The UK's fifth largest mobile phone company attracted 77,000 active new users - those who have used their mobile phone SIM cards in the last 90 days - in the three months to June 30, compared with 150,000 during the same period last year.
Virgin was hit by factors such as the increasing tendency for people to switch from operator to operator, as well as its decision to focus on more "quality" customer additions.
But the firm, which had until recently only offered pre-pay deals, said its new contract service had made a strong start since it was launched earlier this year.
Virgin differs from rivals such as Vodafone and O2 in that it operates as a " virtual operator" which uses the network of T-Mobile.

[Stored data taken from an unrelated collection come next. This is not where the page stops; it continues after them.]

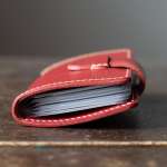 購入した「ベルトカードケース」は、本をめくるようにカードを探せるブックタイプで、1枚革がベルトで留められているだけのシンプルな構造。
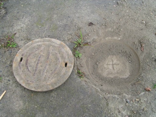 三腳木山頂,325m。又稱福音山或山豬窟山。基石位於教堂牆邊的圓鐵蓋裡面。附近剛好有雙竹筷,輕易地把鐵蓋翹起,可惜原本的土地調查局圖根點只能看到頂部的十字。H315m |
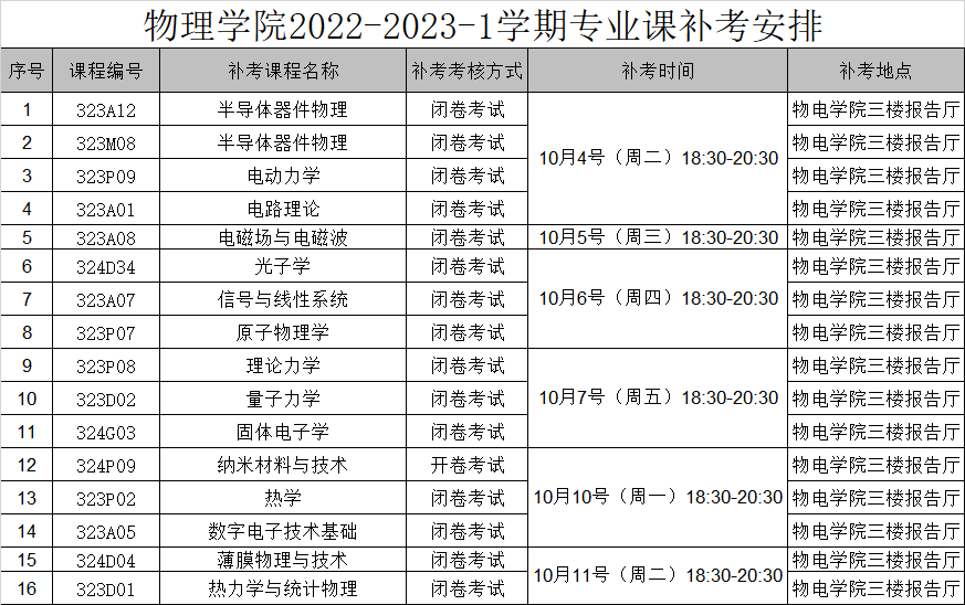 物理学院、微电子学院2022-2023学年度第1学期公开课概览
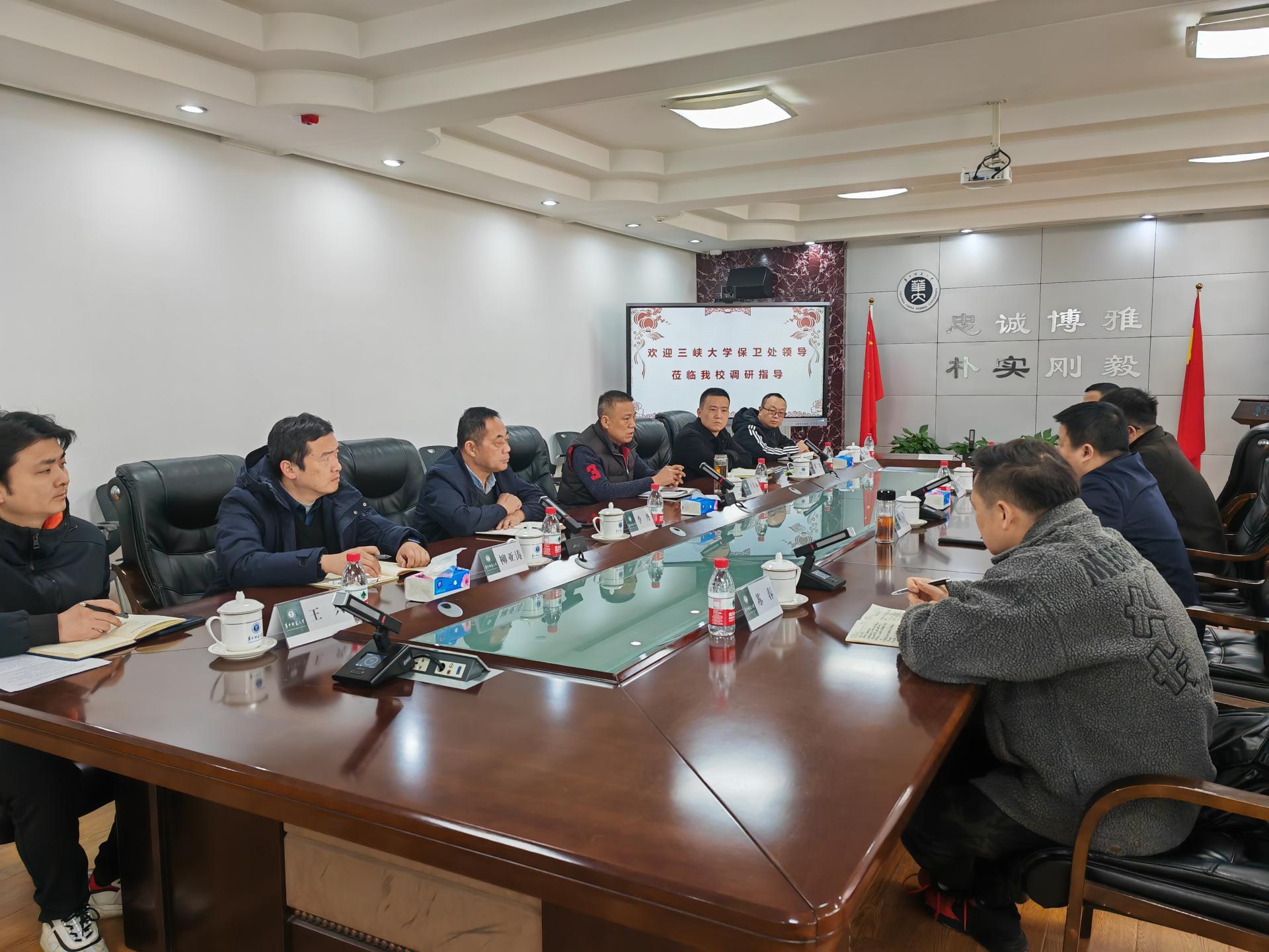 2023年2月28日上午9:30,三峡大学保卫处陈鹏处长一行来我校考察学习。我校保卫部(处)王东爽部长、李丹副部长、黄凯副部长及相关中心主任热情接待并一同参加座谈。

Most of its business comes from customers buying pre-pay vouchers to top up the credit on their mobile phones.
The company employs 1,400 staff at three sites in London, Trowbridge and Daventry.
Chief executive Tom Alexander yesterday said that it was too early to give specific figures, but insisted Virgin Mobile Pay Monthly had made a " powerful start" and provided a "substantial source" of growth.
Annual revenues per user fell to £123 from £127 the previous quarter, in line with expectations following a recent cut in call charges imposed on mobile phone operators by regulator Ofcom.
Growth in service revenues slowed to 6.8 per cent, although the underlying figure excluding the Ofcom move was 18.3 per cent.
The company said it remained confident of achieving full-year service revenues growth in the mid- teens for the full financial year. It pointed out the seasonal nature of its business, which is traditionally stronger in the second half of the year.
Mr Alexander said the results showed that Virgin Mobile continued to grow strongly and thrive in a competitive market.
He said: "We are confident our performance and momentum will deliver another successful year."
Corporate affairs director Stephen Day also said: "We're very comfortable with the subscriber growth figure.
"We do think there is a bit of a slowdown across the market in terms of net adds, but there is no slowdown on the high street."
With as many mobile phone cards as people, the UK has become one of Europe's most mature mobile phone markets. Growth now hinges in part on luring customers from other service providers and convincing subscribers to upgrade phone models.
Virgin Mobile, which is majority-owned by UK entrepreneur Sir Richard Branson, is smaller than rivals such as O2 and Vodafone Group with 4.1 million active subscribers, but some analysts expect it to have topped its larger peers in terms of customer additions.
"The absolute level of customer growth for Virgin is probably below what the consensus was looking for - but they were very confident," said Christian Maher, telecoms analyst at Investec.
He added that new contract phone deals would make more of an impact in the second half of the year, ARPU appeared to be on the rise and regulatory price cuts of about 30 per cent on the prices mobile phone companies charge for delivering calls from other UK networks would no longer apply.